关联系统动静态特征端面磨削表面创成机理

目的 关联主轴系统动静态特征,研究端面磨削表面创成机理.方法 以粉末冶金不锈钢316L为研究对象,首先构建关联主轴系统动静态特征的有限元模型,分析主轴系统动静态特征对砂轮端面各位置位移大小的影响.然后基于端面砂轮表面磨粒的位置和尺寸信息,建立端面砂轮磨粒三维空间轨迹方程,推导相邻磨粒运动关系式,采用轮廓搜索法确定端面磨削表面的动静态创成过程.最后,结合端面磨削加工实验,分析端面磨削系统动态、静态特征对加工表面粗糙度与轮廓度的影响规律,阐释加工表面材料去除不均匀的本质,并提出创成表面质量的参数化修正方法.结果 靠近砂轮边缘的磨粒静态退让量大于靠近砂轮中心部分的磨粒静态退让量,但不同位置的磨粒动态振动量差异不大.静态退让量随切深的增加而增大,动态振动量随砂轮转速的增加而增大.结论 砂轮表面磨粒的静态退让性是造成加工表面轮廓度误差的重要因素,同时主轴系统动态振动特征会影响加工表面粗糙度.分析可得,砂轮转速在400 r/min左右,与之匹配无理数转速比的工件转速和较小的法向切深,可提高端面磨削表面质量表征.

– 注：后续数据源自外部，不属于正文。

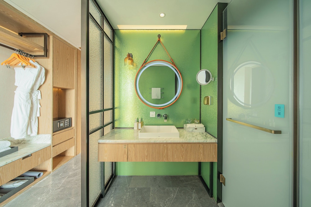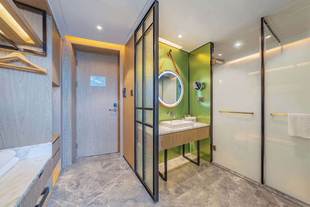 Med et ophold ved Holiday Inn Zhuhai City Center by IHG har du en base i centrum af Zhuhai, blot 10 minutters kørsel fra Almeida Ribeiro Street og Ruinerne af Skt. Pauls Katedral. Dette hotel ligger 9,4 km fra Macau Fiskerkaj og 9,9 km fra Lisboa Kasino. Føl dig hjemme i et af de 80 aircondition-afkølede værelser, der desuden indeholder smart-tv. Din seng har topmadras og er udstyret med dundyner og premium-sengetøj. Der er gratis internetforbindelse via kabel og Wi-Fi, og med smarte højttalere og satellitkanaler er der også sørget for underholdningen. Værelset har et privat badeværelse med bruser samt brusehoved med spredningseffekt og designertoiletartikler. De viste afstande er afrundet til nærmeste 0,1 kilometer.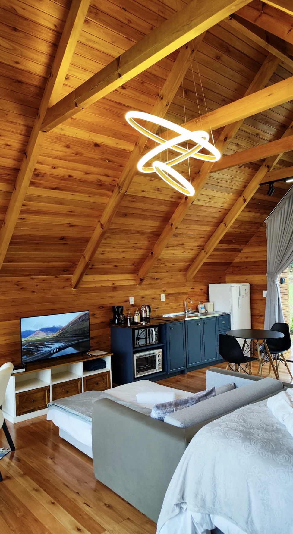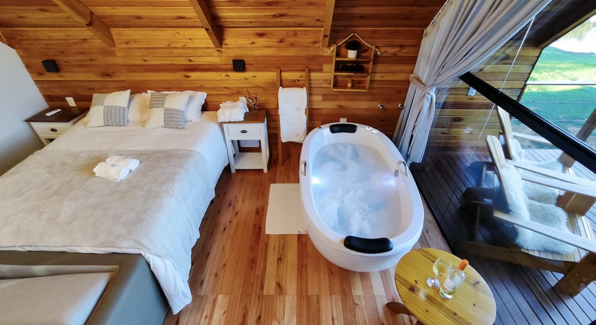 A cabana oferece o equilíbrio perfeito entre o charme rústico e o conforto do moderno, criando um refúgio acolhedor em meio à natureza da Serra Gaúcha. O espaço conta com cozinha completa, equipada com fogão por indução, micro-ondas, forno elétrico, geladeira, cafeteira, chaleira elétrica, torradeira e utensílios diversos, além de taças para vinho, espumante e cerveja. A sala ampla e aconchegante possui smart TV, calefator chileno e um ambiente que convida a momentos românticos e de descanso.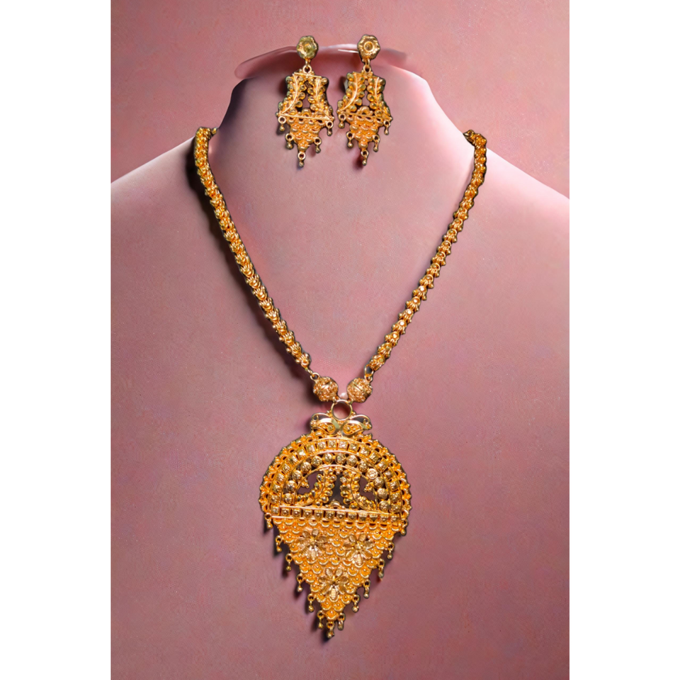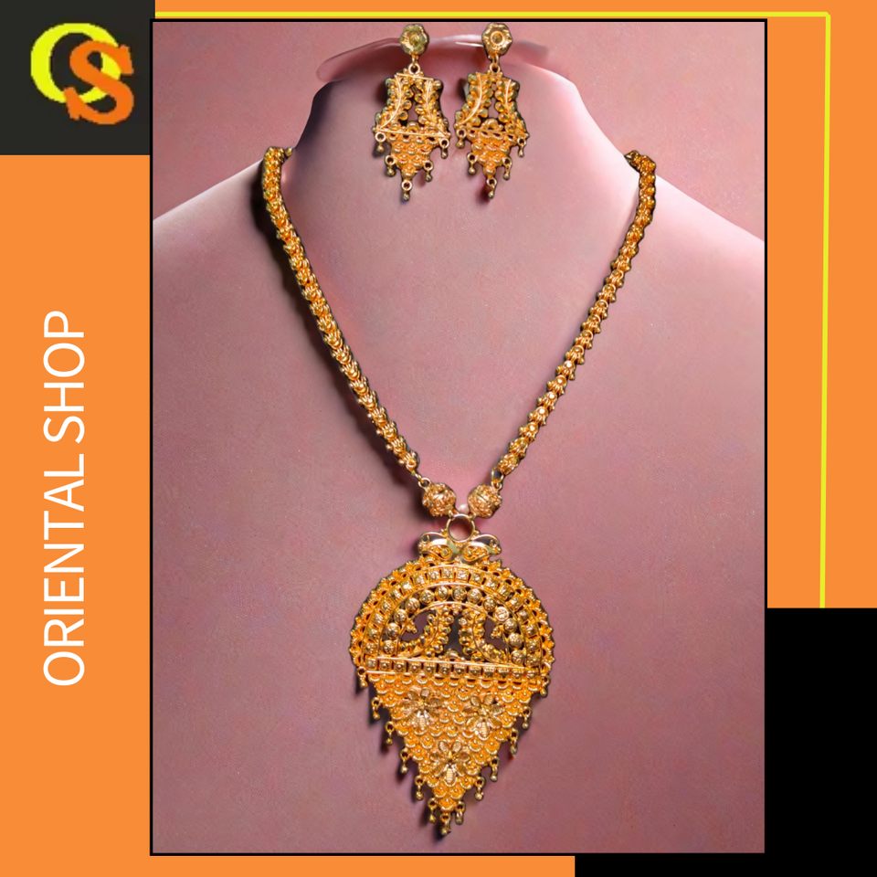 ชุดต่างหูสร้อยคอพร้อมเครื่องประดับชุดต่างหูสร้อยคอชุบทอง22K สำหรับผู้หญิงชุดสร้อยคอต่างหู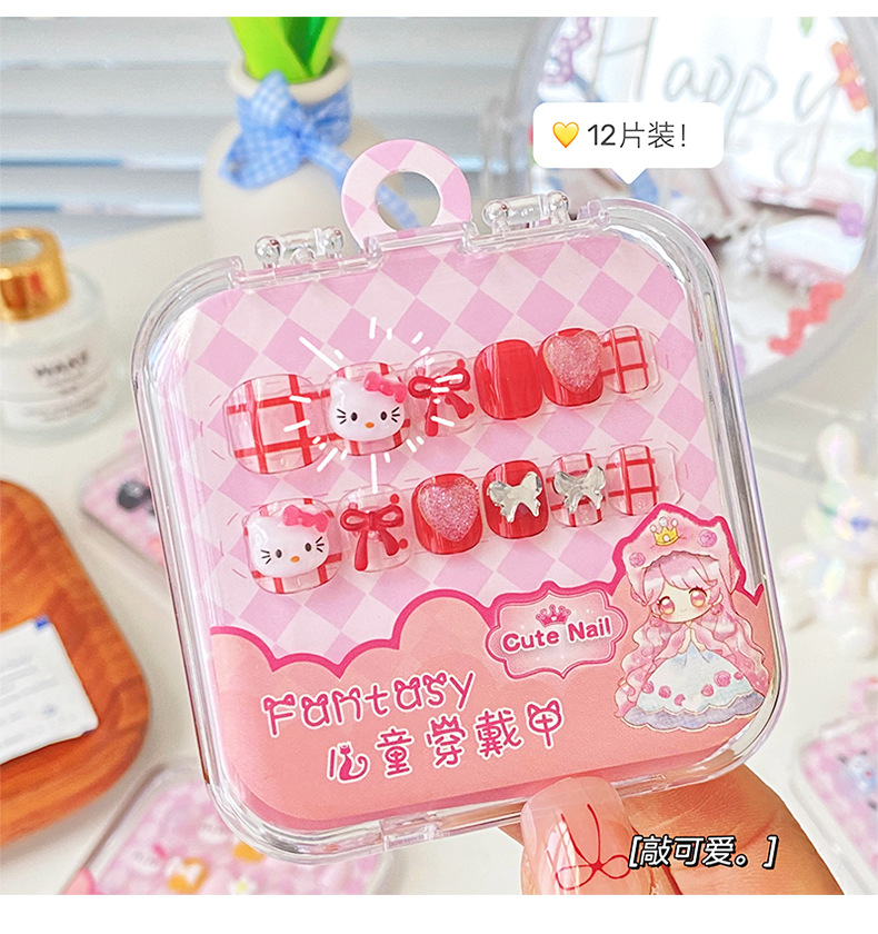 儿童卡通KT猫穿戴甲片新年款红色小女孩美甲贴指甲贴果冻胶可拆卸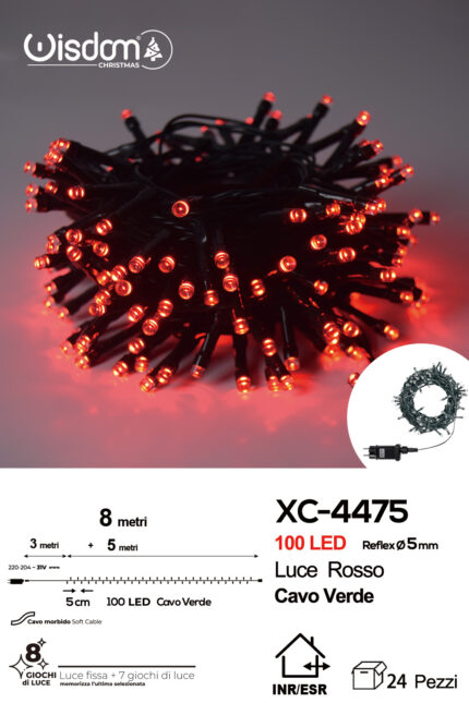 Catena luminosa 100 LED luce rossa da 8 metri con 8 giochi di luce ip44 per uso interno esterno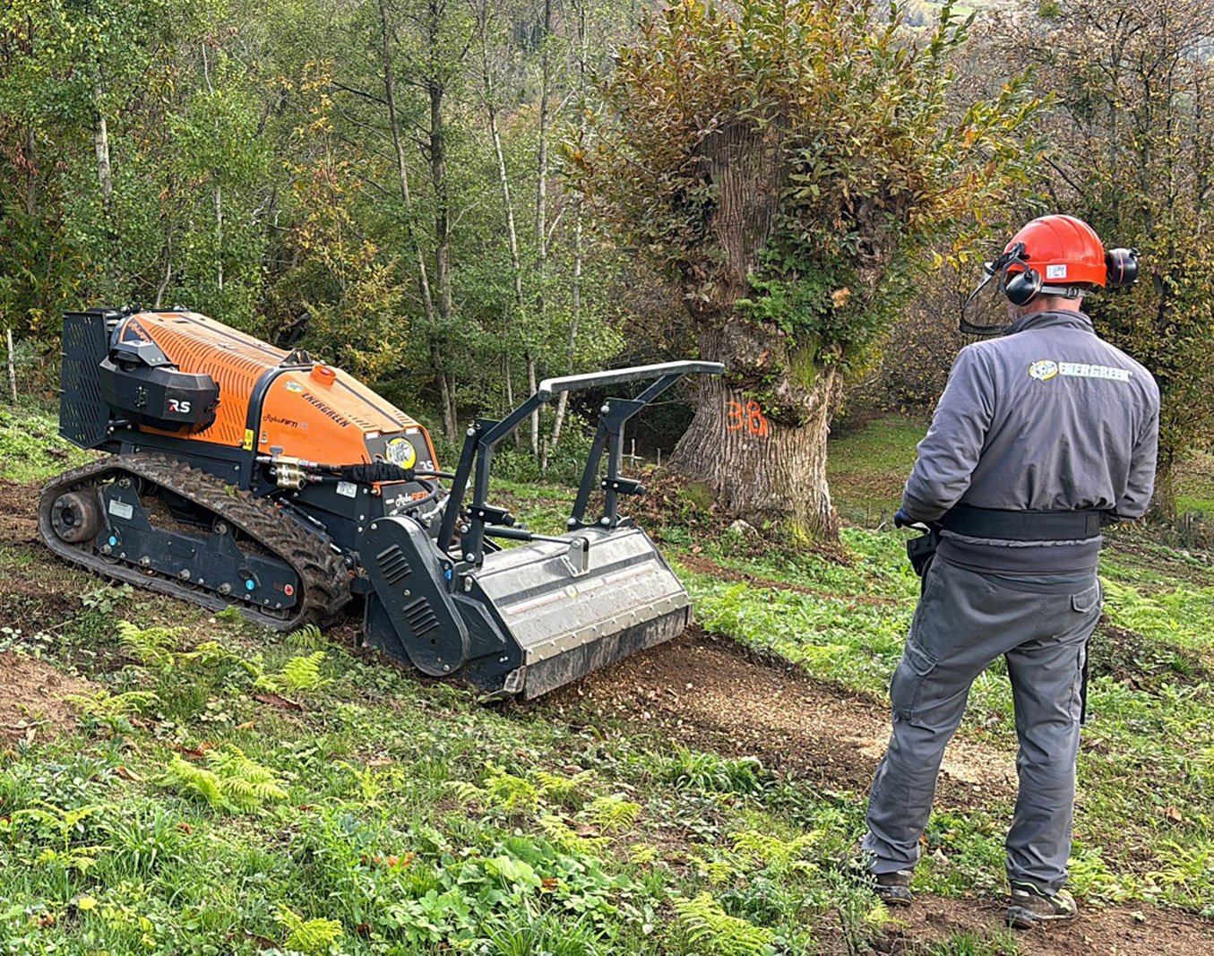 For the test, the machine was equipped with the Energreen 130T forestry mulcher, featuring a rotor with 32 fixed teeth arranged in a helical sequence to ensure an even workload. Each of the 32 interchangeable teeth is coupled with an adjustable cut depth limiter to maintain an even work pace. The 130 T mulcher has a working width of 110 cm and weighs 390 kg, so that the machine used at Pidgeon Loft had a total weight of 1600 kg, which is half the weight of the alternative, i.e., a farm tractor with a conventional forestry mulcher. For all the duration of the test, the machine was operated by Energreen’s own test and demo driver, an experienced professional with all the required formal qualifications (Fig. 2).

Mechanism of Surface Creation for Dynamic and Static Feature End Grinding of Associated Systems

Based on main shaft system dynamic-static characteristic of the machine tool, the work aims to study the mechanism on disc grinding surface generation.Taking the powder metallurgy stainless steel 316L as the research object,the element deformation model of correlated to the grinding system dynamic-static characteristic is set up, and the influence of main shaft system dynamic-static characteristic on the displacement of disc wheel arbitrary surface position is analyzed. Afterwards, based on the wheel abrasive position information and the size information, the three dimensional abrasive trajectory equation is set up. And the arbitrary adjacent two abrasives movement relationship is figured out. The profile search method is applied to analyze the disc grinding dynamic-static surface generation process on the workpiece surface material. Finally, combined with the corresponding disc grinding experiment, the influence regulation of the system dynamic-static characteristic on machining surface profile and surface roughness is investigated. The essence of uneven machining effect on workpiece surface is explained. Moreover, the parametric modified method on the generated surface quality is proposed as well. It shows that the static deformation at the faraway position from the workpiece center is relatively larger than that of the machining workpiece nearby center. However, the difference of the disc grinding system dynamic vibration is relatively smaller. To be specific, the static deformation gets larger with the increase of the feeding depth. And the disc grinding system dynamic vibration increases at the larger wheel rotation speed. It can be concluded that the static characteristic is a key factor to influence the disc grinding surface profile, and the grinding system dynamic characteristic can affect the machining surface roughness as well. Analysis shows that the grinding wheel speed is around 400 r/min. Matching workpiece speed with irrational speed ratio and small normal depth of cut that can improve the disc grinding surface quality characteristic.